- **Your instructions**: Copy the listing verbatim, excluding any images found in it.

- **Supplied records**:
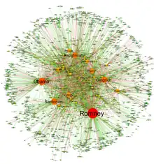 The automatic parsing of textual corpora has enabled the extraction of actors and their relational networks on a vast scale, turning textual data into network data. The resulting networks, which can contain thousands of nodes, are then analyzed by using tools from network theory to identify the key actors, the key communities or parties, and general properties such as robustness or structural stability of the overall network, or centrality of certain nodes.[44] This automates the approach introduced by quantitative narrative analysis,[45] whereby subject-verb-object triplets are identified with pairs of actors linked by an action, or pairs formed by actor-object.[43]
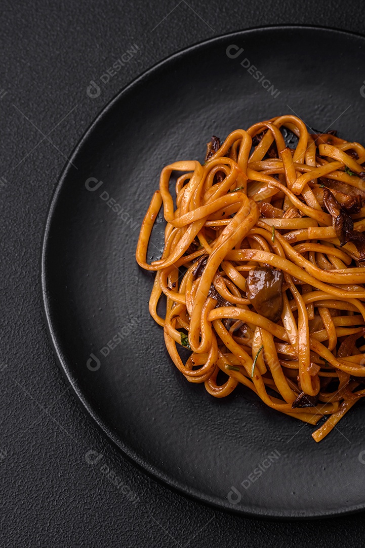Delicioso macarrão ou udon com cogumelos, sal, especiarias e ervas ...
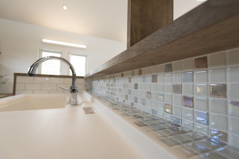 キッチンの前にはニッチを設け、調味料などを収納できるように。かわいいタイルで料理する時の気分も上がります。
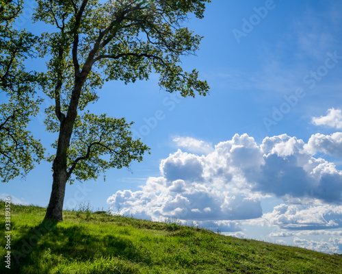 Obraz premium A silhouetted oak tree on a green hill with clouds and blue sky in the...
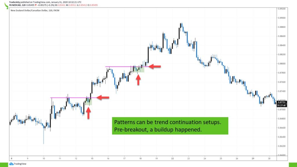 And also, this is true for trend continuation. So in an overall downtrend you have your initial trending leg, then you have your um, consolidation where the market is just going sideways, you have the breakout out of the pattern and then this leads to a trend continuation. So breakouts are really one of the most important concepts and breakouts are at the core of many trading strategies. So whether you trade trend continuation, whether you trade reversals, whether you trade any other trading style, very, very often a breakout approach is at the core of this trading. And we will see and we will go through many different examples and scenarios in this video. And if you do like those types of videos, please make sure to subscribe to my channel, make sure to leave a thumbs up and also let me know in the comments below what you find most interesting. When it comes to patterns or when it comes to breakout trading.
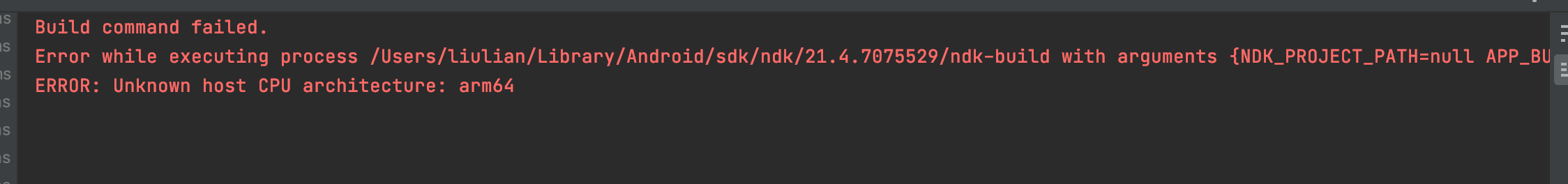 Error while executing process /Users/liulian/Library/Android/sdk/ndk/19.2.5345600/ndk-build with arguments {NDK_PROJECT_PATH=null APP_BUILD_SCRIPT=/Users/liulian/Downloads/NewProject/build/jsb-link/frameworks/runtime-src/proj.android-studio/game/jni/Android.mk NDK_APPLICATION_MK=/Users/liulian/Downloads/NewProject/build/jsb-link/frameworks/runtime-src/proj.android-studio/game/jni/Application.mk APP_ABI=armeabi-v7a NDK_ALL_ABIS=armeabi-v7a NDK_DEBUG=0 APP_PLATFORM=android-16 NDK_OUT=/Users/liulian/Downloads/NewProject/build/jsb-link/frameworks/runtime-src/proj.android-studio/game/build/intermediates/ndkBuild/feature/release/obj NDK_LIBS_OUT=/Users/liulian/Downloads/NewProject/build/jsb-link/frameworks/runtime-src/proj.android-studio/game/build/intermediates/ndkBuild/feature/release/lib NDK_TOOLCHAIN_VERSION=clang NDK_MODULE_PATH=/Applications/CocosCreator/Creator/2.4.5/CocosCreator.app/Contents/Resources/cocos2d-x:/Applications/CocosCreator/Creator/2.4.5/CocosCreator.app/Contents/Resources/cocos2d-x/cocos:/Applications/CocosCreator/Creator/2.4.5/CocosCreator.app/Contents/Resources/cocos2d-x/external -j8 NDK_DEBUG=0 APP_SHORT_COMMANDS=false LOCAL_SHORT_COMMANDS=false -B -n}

- **Problem solution**:
 The automatic parsing of textual corpora has enabled the extraction of actors and their relational networks on a vast scale, turning textual data into network data. The resulting networks, which can contain thousands of nodes, are then analyzed by using tools from network theory to identify the key actors, the key communities or parties, and general properties such as robustness or structural stability of the overall network, or centrality of certain nodes.[44] This automates the approach introduced by quantitative narrative analysis,[45] whereby subject-verb-object triplets are identified with pairs of actors linked by an action, or pairs formed by actor-object.[43]
Delicioso macarrão ou udon com cogumelos, sal, especiarias e ervas ...
 キッチンの前にはニッチを設け、調味料などを収納できるように。かわいいタイルで料理する時の気分も上がります。
 Obraz premium A silhouetted oak tree on a green hill with clouds and blue sky in the...
 And also, this is true for trend continuation. So in an overall downtrend you have your initial trending leg, then you have your um, consolidation where the market is just going sideways, you have the breakout out of the pattern and then this leads to a trend continuation. So breakouts are really one of the most important concepts and breakouts are at the core of many trading strategies. So whether you trade trend continuation, whether you trade reversals, whether you trade any other trading style, very, very often a breakout approach is at the core of this trading. And we will see and we will go through many different examples and scenarios in this video. And if you do like those types of videos, please make sure to subscribe to my channel, make sure to leave a thumbs up and also let me know in the comments below what you find most interesting. When it comes to patterns or when it comes to breakout trading.
 Error while executing process /Users/liulian/Library/Android/sdk/ndk/19.2.5345600/ndk-build with arguments {NDK_PROJECT_PATH=null APP_BUILD_SCRIPT=/Users/liulian/Downloads/NewProject/build/jsb-link/frameworks/runtime-src/proj.android-studio/game/jni/Android.mk NDK_APPLICATION_MK=/Users/liulian/Downloads/NewProject/build/jsb-link/frameworks/runtime-src/proj.android-studio/game/jni/Application.mk APP_ABI=armeabi-v7a NDK_ALL_ABIS=armeabi-v7a NDK_DEBUG=0 APP_PLATFORM=android-16 NDK_OUT=/Users/liulian/Downloads/NewProject/build/jsb-link/frameworks/runtime-src/proj.android-studio/game/build/intermediates/ndkBuild/feature/release/obj NDK_LIBS_OUT=/Users/liulian/Downloads/NewProject/build/jsb-link/frameworks/runtime-src/proj.android-studio/game/build/intermediates/ndkBuild/feature/release/lib NDK_TOOLCHAIN_VERSION=clang NDK_MODULE_PATH=/Applications/CocosCreator/Creator/2.4.5/CocosCreator.app/Contents/Resources/cocos2d-x:/Applications/CocosCreator/Creator/2.4.5/CocosCreator.app/Contents/Resources/cocos2d-x/cocos:/Applications/CocosCreator/Creator/2.4.5/CocosCreator.app/Contents/Resources/cocos2d-x/external -j8 NDK_DEBUG=0 APP_SHORT_COMMANDS=false LOCAL_SHORT_COMMANDS=false -B -n}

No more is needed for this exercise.